I would love to have one of these. It would be such a luxury to feel like I could shoot 99% of distant outdoor scenes with just one lens. The samples impress me and if I can afford one in a couple years, I will gladly pick one up.


----------



## AlanF (Nov 7, 2020)

YuengLinger said:


> Thanks, Chaitanya. Been looking for ANY new reviews of this lens.


Any review but from him.


----------



## Joules (Nov 7, 2020)

AlanF said:


> Any review but from him.


It is a matter of taste, but I couldn't get past his notions that the tripod mount is useless for most folks and that he can't think of a situation where you'd manually focus the lens.
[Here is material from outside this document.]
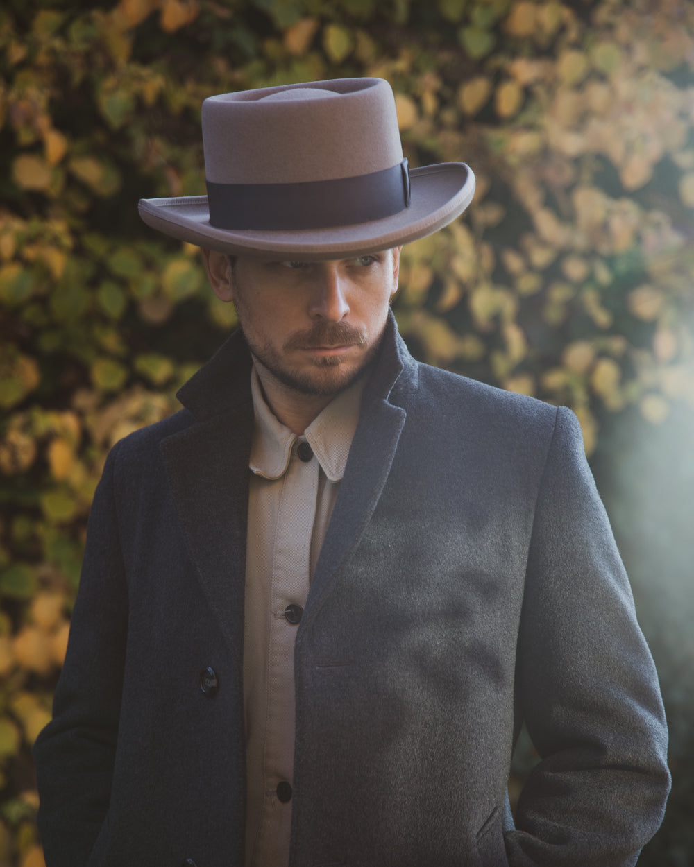 It comes in a 50X beaver/hare blend and a pure 100X beaver fur felt.

And what was that about pointing out the zoom creep ... then pointing out the stiffness adjustement for the zoom ring ... and not pointing out any connection between the two?


----------



## YuengLinger (Nov 7, 2020)

Joules said:


> It is a matter of taste, but I couldn't get past his notions that the tripod mount is useless for most folks and that he can't think of a situation where you'd manually focus the lens. And what was that about pointing out the zoom creep ... then pointing out the stiffness adjustement for the zoom ring ... and not pointing out any connection between the two?


What's recreationally legal in his state?


----------



## usern4cr (Nov 7, 2020)

AlanF said:


> Any review but from him.


What's wrong with Jared Polin?


----------



## AlanF (Nov 8, 2020)

usern4cr said:


> What's wrong with Jared Polin?


I don’t know what’s wrong with him. I don’t like his reviews.


----------



## Chaitanya (Nov 8, 2020)

AlanF said:


> Any review but from him.


Cameralabs has also done a comprehensive review of this lens earlier and they even tested teleconvertors with this lens which Fro seems to have missed out.





Canon RF 100-500mm f4.5-7.1L review | Cameralabs







www.cameralabs.com


----------



## YuengLinger (Nov 8, 2020)

Chaitanya said:


> Cameralabs has also done a comprehensive review of this lens earlier and they even tested teleconvertors with this lens which Fro seems to have missed out.
> 
> 
> 
> ...


I definitely agree with this: "There’s lots of options, although I’d love it if Canon also considers producing a more affordable 200-600 model like Sony in the future as that’s a great length for sports and wildlife."


----------



## stevelee (Nov 8, 2020)

That was one of his most annoying videos. He rants on about not using a tripod or focusing manually or filters. But with a bit of patience, one can glean helpful information about the lens performance.


----------